VW, Mercedes und BMW stehen vor riesen China-Problem: Deutsche Autobauer verlieren den Anschluss Ein Mitarbeiter im VW-Werk Zwickau arbeitet an einem ID.4. Die deutschen Autobauer kämpfen mit sinkenden Gewinnen und wachsendem Druck aus China Berlin – VW, Mercedes und BMW verlieren im weltweiten Autokampf immer mehr Boden. Umsatz runter, Gewinn runter, China-Geschäft eingebrochen.
Während viele Konkurrenten wachsen, landen die deutschen Hersteller beim Umsatzwachstum ganz hinten. Das zeigt eine neue Analyse der Beratungsgesellschaft EY.
Die 19 größten Autokonzerne der Welt steigerten ihren Umsatz im ersten Halbjahr um 3,6 Prozent auf knapp 1,05 Billionen Euro. VW, Mercedes und BMW kamen dagegen zusammen auf rund 284 Milliarden Euro, 2,9 Prozent weniger als im Vorjahr.
Von 19 untersuchten Autobauern steigerten 15 ihre Erlöse. Die drei deutschen Konzerne landeten auf den Plätzen 16, 17 und 19.
Noch härter trifft es die Gewinne.
Der operative Gewinn von VW, Mercedes und BMW sank zusammen um 19 Prozent auf 13 Milliarden Euro. Nur im ersten Corona-Jahr 2020 war er seit 2017 noch niedriger.
EY-Autoexperte Constantin Gall warnt: „Die deutschen Hersteller verlieren nicht nur Marktanteile, sondern vor allem Ertragskraft.“ Hohe Lohn- und Energiekosten sowie Bürokratie machten die Produktion in Deutschland zunehmend zur Belastung. Besonders bitter: China.
Dort brach der Absatz der drei Hersteller im ersten Halbjahr um 25 Prozent ein! Chinas Anteil an ihren weltweiten Verkäufen sank binnen eines Jahres von 28,9 auf 23,5 Prozent.
Gleichzeitig drängen chinesische Autobauer stärker nach Europa. Vizekanzler Lars Klingbeil (48, SPD) fordert deshalb zusätzliche EU-Zölle auf chinesische Plug-in-Hybride.

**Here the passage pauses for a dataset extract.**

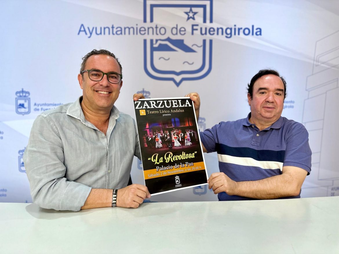 La zarzuela regresará al Palacio de la Paz el sábado 2 de noviembre, a partir de las 20:00 horas, de la mano de la compañía Teatro Lírico Andaluz, que representará la obra ‘La Revoltosa’. Así lo ha anunciado el concejal de Cultura del Ayuntamiento de Fuengirola, Rodrigo Romero, acompañado por el director de Teatro Lírico Andaluz, Pablo Prados, quienes han explicado que las entradas para la función tienen un precio de 10 euros el patio de butacas y de 15 euros los palcos y se pueden adquirir en la web https://entradas.fuengirola.es o en la taquilla del Palacio de la Paz desde dos horas antes del comienzo de la función.

Für reine E-Autos aus China gelten bereits Sonderzölle. China-Experte Jürgen Matthes vom Institut der deutschen Wirtschaft hält den Vorstoß für „überfällig“.
Es habe ein „großes Schlupfloch“ gegeben, weil Hybridautos „sehr wahrscheinlich ähnlich hoch subventioniert wie E-Autos“ seien, sagt er zu BILD. Hohe Zölle dürften die Importe aus China merklich bremsen.
Autoexperte Frank Schwope von der FHM Berlin dämpft allerdings die Erwartungen: „Zölle auf chinesische Hybridautos würden deutschen Herstellern ein wenig Luft verschaffen.“ Gleichzeitig könnten chinesische Autos für deutsche Käufer teurer werden. Zudem drohten Gegenmaßnahmen Chinas, etwa Gegenzölle oder Ausfuhrbeschränkungen für wichtige Rohstoffe.
VW selbst will Klingbeils Vorstoß auf BILD-Anfrage nicht kommentieren und verweist auf den Verband der Automobilindustrie (VDA). Der sieht die Probleme vor allem in Deutschland.
Ein Sprecher zu BILD: „Als Allererstes muss Europa die eigenen Hausaufgaben machen“, etwa Energiekosten, Steuern und Abgaben senken sowie Bürokratie abbauen. Bei unfairen Wettbewerbsbedingungen könne die EU aber „mit eigenen Maßnahmen für faire Wettbewerbsbedingungen sorgen“.